21 La socialisation consiste à assurer un équilibre entre ces deux dimensions et à éviter leur « dissociation ». Le « Moi » qui renvoie au contrôle social doit « discipliner » le « Je » sans non plus l’anéantir. Symétriquement, le « Je » ne doit pas se réaliser au détriment du « Moi ». C’est pourquoi ce « Soi » structuré et équilibré ne peut se développer qu’au sein d’un processus social particulier, soit à partir de l’interaction entre l’individu et son environnement. Au regard des critiques formulées à l’encontre de Durkheim et de l’anthropologie culturelle, cette approche est intéressante car la socialisation est à la fois abordée sous l’angle de la réalité sociale extérieure et de l’expérience individuelle subjective.
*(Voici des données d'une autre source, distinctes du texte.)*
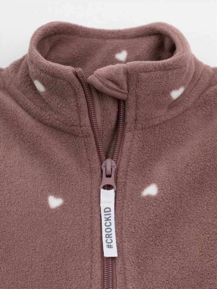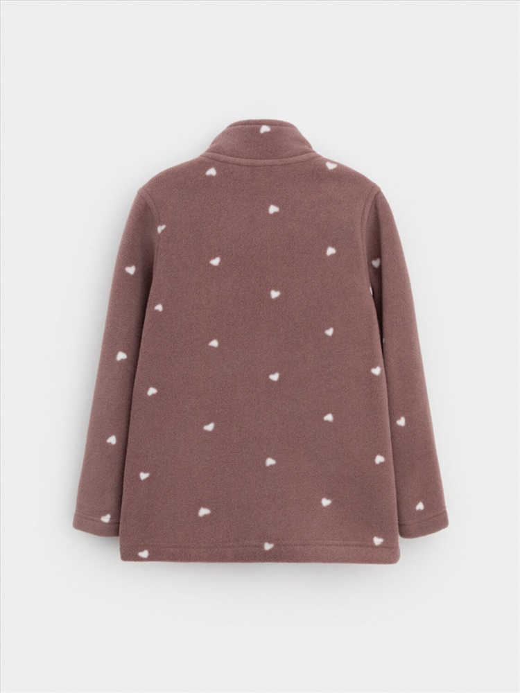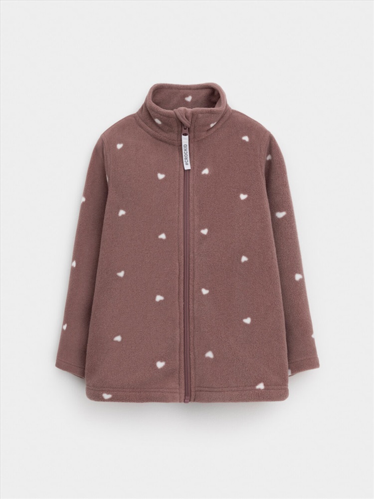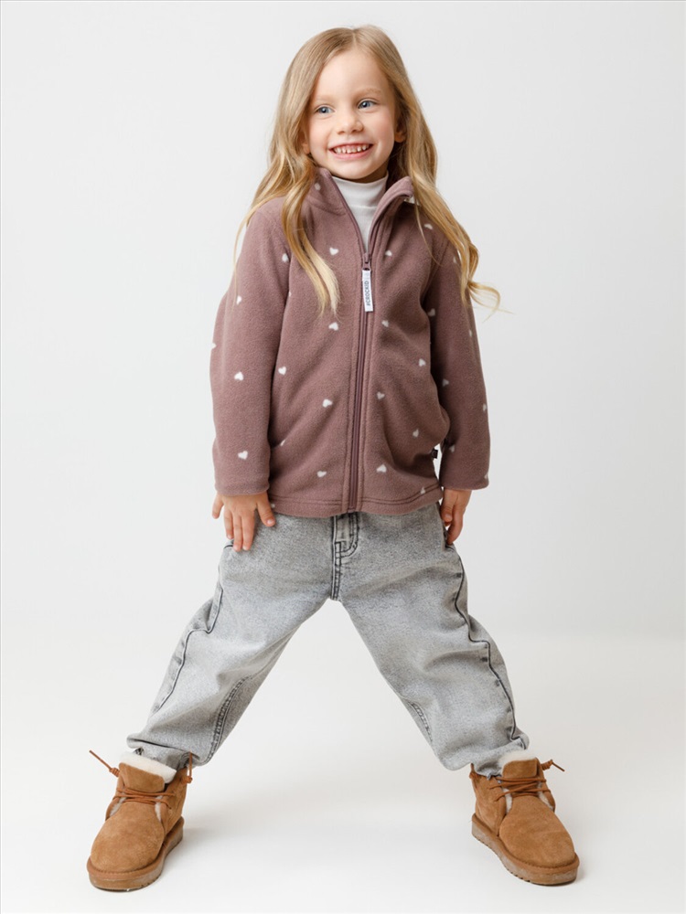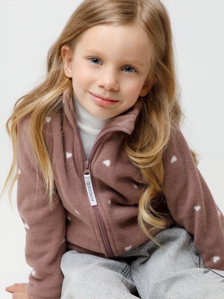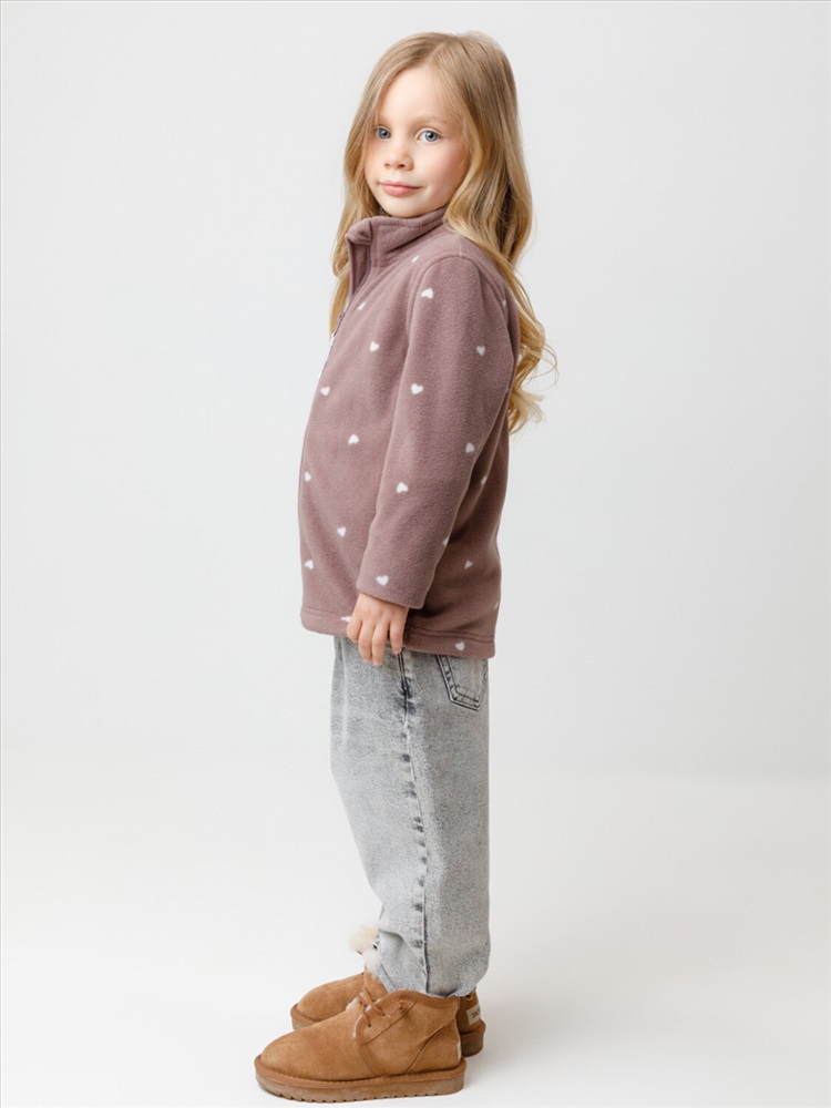 Флисовая куртка для девочки. У изделия высокий воротник и застёжка на молнию с мягкой защитой шеи и подбородка. По бокам два кармана. Оригинальная набивка выполнена из стойких гипоаллергенных текстильных красителей. Куртка сохраняет цвет и форму после многократных стирок.

La socialisation est ici le fruit des structures sociales et des potentialités d’actions et de réflexivité individuelles.
22 Dans une perspective similaire, Erving Goffman prolonge l’analyse de Mead en insistant également sur le poids des interactions dans le processus de socialisation. Le sociologue montre que l’interaction sociale n’est pas une simple réponse des personnes à des facteurs agissant sur elles, mais un processus de construction qui est aussi formatif. La personne élabore des schèmes d’interprétation qui ne sont jamais définitifs, mais qui évoluent ou s’approfondissent suite à la confrontation avec autrui. Cette approche révèle pourquoi et comment la socialisation se produit tout au long de la vie. Elle s’inscrit dans la durée, la continuité et la réciprocité. Elle est conçue comme le processus d’acquisition des savoirs et des savoir-faire qui sont nécessaires, dans le contexte d’interaction sociale, à l’établissement des liens sociaux.
23 En somme, plusieurs éléments essentiels caractérisent la socialisation d’après les éléments théoriques développés jusqu’ici :
- elle se fonde sur l’acquisition de normes de comportements sociaux, en lien avec l’apprentissage et l’éducation ;
- elle est aussi basée sur l’intériorisation de codes sociaux à partir d’interactions diverses ;
- elle implique une conversion : un individu n’est pas défini une fois pour toutes, mais son comportement, sa personnalité et son identité évoluent sans cesse au cours de son existence au contact de son environnement social. La socialisation est alors conversion car elle surajoute à l’être existant un être nouveau, adapté à son milieu social. C’est un processus évolutif mais non linéaire.
25 La socialisation du genre est d’ailleurs illustrative des trois points précédents. Nous le développons dans la sous-partie suivante, en insistant sur le corps comme support de la socialisation du genre.
Le corps comme support de la socialisation du genre
26 Après avoir insisté sur des aspects théoriques relatifs à la socialisation du genre, nous expliquons en quoi le corps peut être un support de celle-ci.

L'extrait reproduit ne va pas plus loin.